**Work order:** Make an exact copy of all the entries, but do not reproduce the pictures.

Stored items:

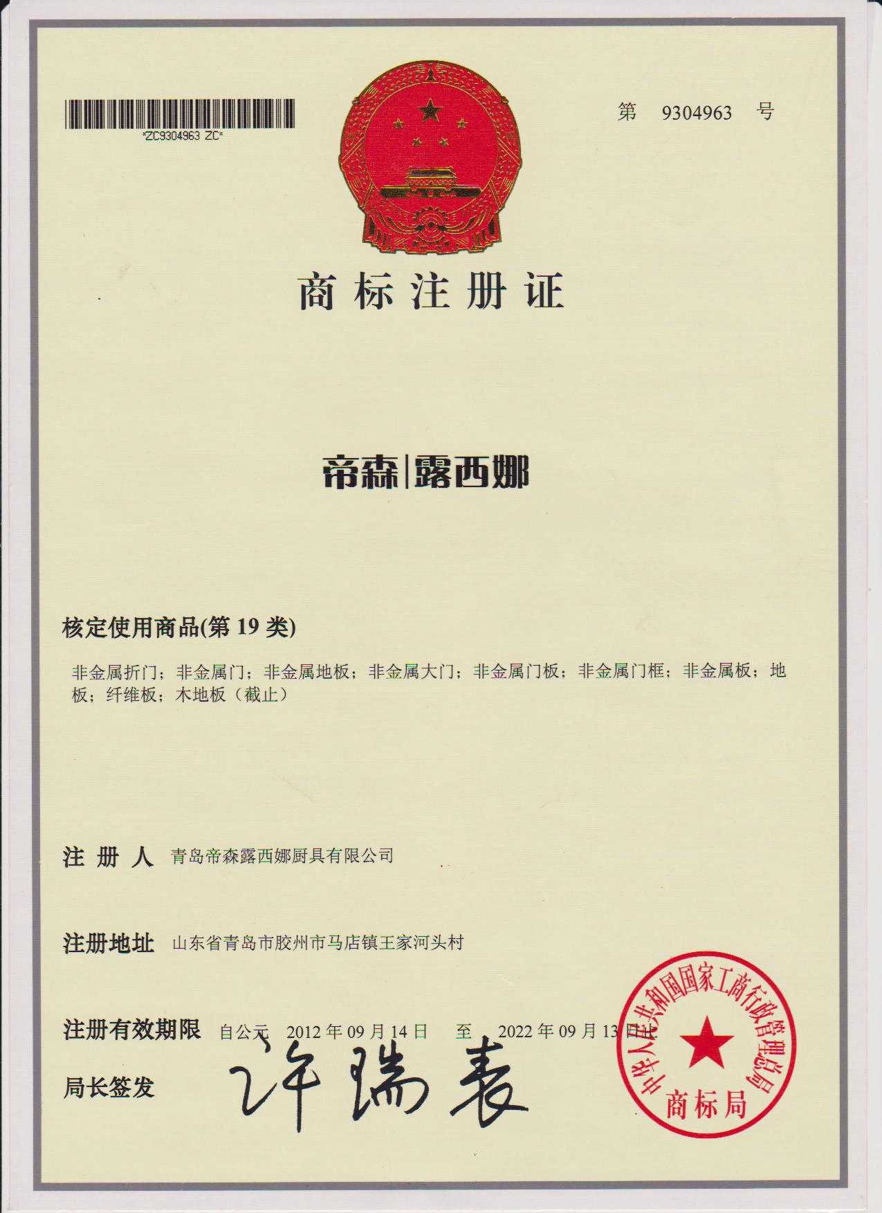 商標注冊證
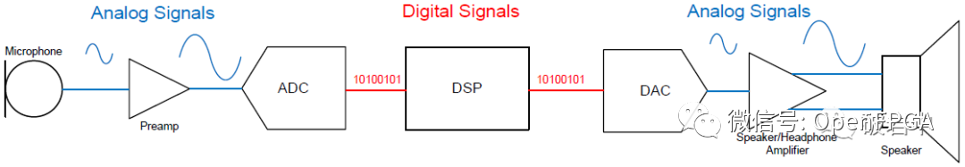 數字音頻接口DAI,即Digital Audio Interfaces,顧名思義,DAI表示在板級或板間傳輸數字音頻信號的方式。相比于模擬接口,數字音頻接口抗干擾能力更強,硬件設計簡單,DAI在音頻電路設計中得到越來越廣泛的應用。圖1和圖2對比傳統的音頻信號和數字音頻信號鏈的區別。
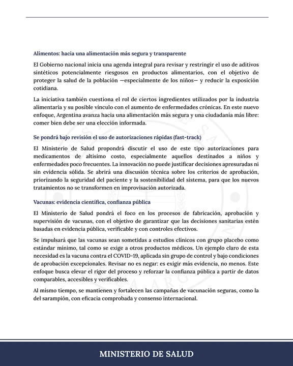 Controles más estrictos para las vacunas: se exigirá evidencia científica rigurosa en procesos de aprobación, fabricación y supervisión de vacunas, con foco en “recuperar la confianza pública”.
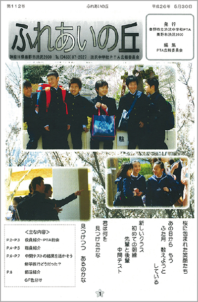 「ふれあいの丘」は、3カ月に1度ほどのペースで発行。行事や学校生活での生徒の表情を捉えた写真が表紙を飾り、その下に保護者の目線で書かれた短い詩が添えられている。内容は、携帯・スマートフォンと子どもたちの付き合い方についてアンケートを集計した特集企画や、職場体験に関する取材記事など「保護者が気になる話題」に切り込んでいくものが多かった。
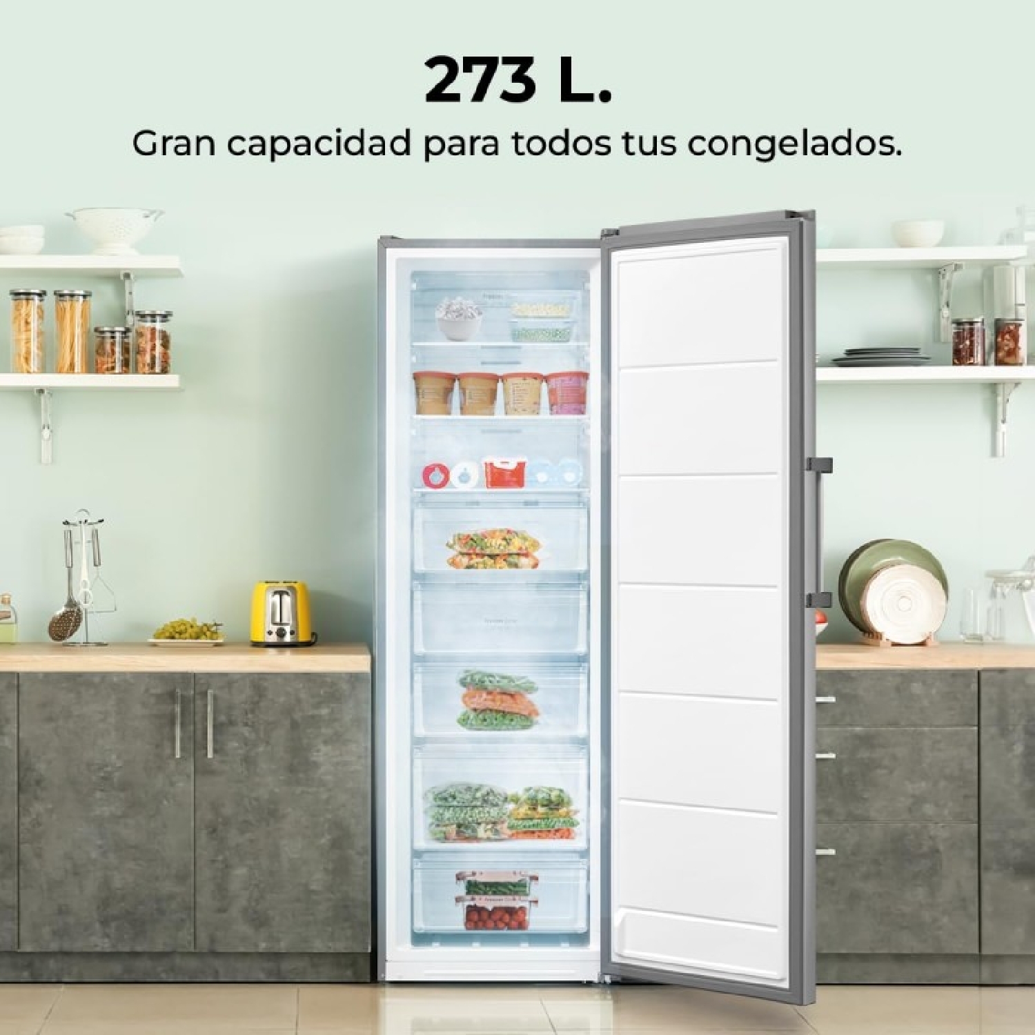 Bolero CoolMarket UF 273 Edelstahl E-Gefrierschränke mit XL-Kapazität, mit der Flexibilität der Verwendung sowohl für Gefrierschrank und Kühlschrank. Perfekt zu kombinieren mit einem eintürigen Kühlschrank, um einen amerikanischen zu schaffen.

**Answer box:**
 商標注冊證
 數字音頻接口DAI,即Digital Audio Interfaces,顧名思義,DAI表示在板級或板間傳輸數字音頻信號的方式。相比于模擬接口,數字音頻接口抗干擾能力更強,硬件設計簡單,DAI在音頻電路設計中得到越來越廣泛的應用。圖1和圖2對比傳統的音頻信號和數字音頻信號鏈的區別。
 Controles más estrictos para las vacunas: se exigirá evidencia científica rigurosa en procesos de aprobación, fabricación y supervisión de vacunas, con foco en “recuperar la confianza pública”.
 「ふれあいの丘」は、3カ月に1度ほどのペースで発行。行事や学校生活での生徒の表情を捉えた写真が表紙を飾り、その下に保護者の目線で書かれた短い詩が添えられている。内容は、携帯・スマートフォンと子どもたちの付き合い方についてアンケートを集計した特集企画や、職場体験に関する取材記事など「保護者が気になる話題」に切り込んでいくものが多かった。
 Bolero CoolMarket UF 273 Edelstahl E-Gefrierschränke mit XL-Kapazität, mit der Flexibilität der Verwendung sowohl für Gefrierschrank und Kühlschrank. Perfekt zu kombinieren mit einem eintürigen Kühlschrank, um einen amerikanischen zu schaffen.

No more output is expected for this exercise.